As always, co-founder Linda Hall was on board tirelessly coordinating every detail. Her personal team of friends, led by Mary Orne, monitored the check-in and check-out tables and the databases of names…a huge undertaking they’ve handled for all three annual fundraisers! Keith Soper, artistic friend of the Hall’s, created the fundraiser invitation, and Jen Gonyea from Clarity Collaborative helped with all the necessary electronic communications to draw attention to the importance for holding the fundraiser. Co-founder, Keith Hall, was once again welcoming in his blend of humor and sincerity. Two Boston University/Sargent College rehabilitation specialists – Tami Deangelis and Teresa Baker – joined in with remarks about the work they perform and Keith’s participation in so many of their programs. Volunteer friend Marilyn Freeman read a poem she wrote and dedicated to Linda and Keith, and for anyone challenged with Parkinson’s or other life challenges:

When a New Day Dawns

For Keith and Linda Hall, who are the seekers, the listeners, and the singers of hope

Day comes again,
lighting a road still unmapped.
My mind joins dawn’s journey and I start to feel trapped.
Where can I go to escape words I’ve heard said
that shout their uncertainties so loud in my head?

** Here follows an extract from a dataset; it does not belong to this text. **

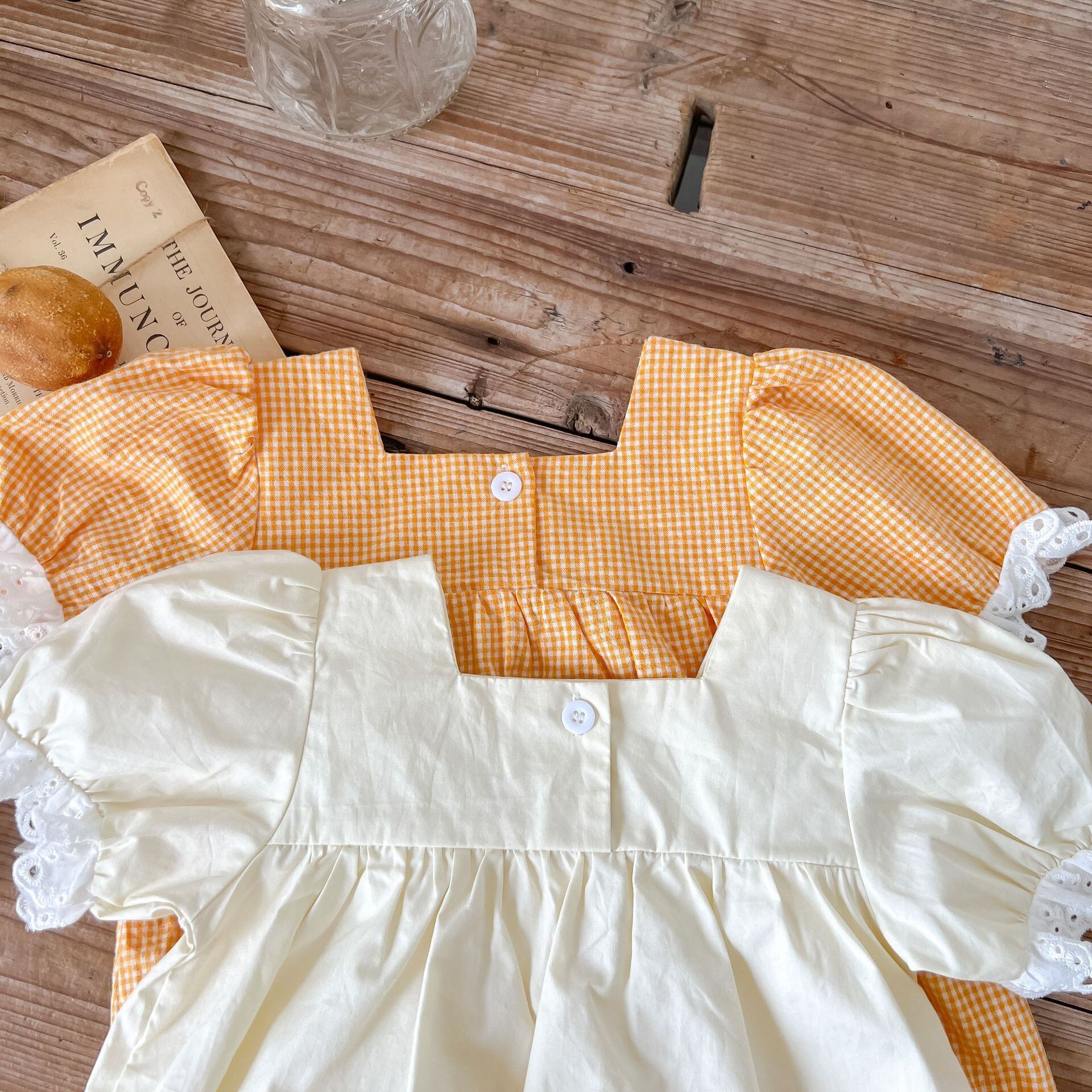 色:黄色の格子縞,Mベージュ

The hands on the clock mimic my heart’s pulsing beat,
and the doctor’s diagnosis in my head still repeats.
How can I move toward a future when the deck is so stacked
with my questions unanswered – and often unasked?

I suppose I could just lie here,
willing off the obvious becoming now clear
that I’ll need to live a “different” life.
But who maps the way? Doctor, husband, family, wife?
I like my existence now, with its ups and its downs;
and I surely don’t want to feel somehow bound
to wondering if “Hope is the thing with feathers”,
will it sing songs for me?
Or will the changes scare away Hope’s bird,
leaving me doubts I wish I could free?

No one understands these thoughts – except for those who do.
It’s a see-saw of retreating – but then searching for the clues
for facing unknown tomorrows and seeking out the voices
that still sing through the storms and offer new choices.
Be a listener or be the bird who sings
Hope’s promise to self – and for others who cling
to their strengths oft’ forgotten – or yet still unknown –
tell them…
“I’m like you, friend, and you’re not alone.”

October 19th was an evening that will be long remembered…and appreciated…by everyone on the Parkinson’s Fitness team. Thank you to all!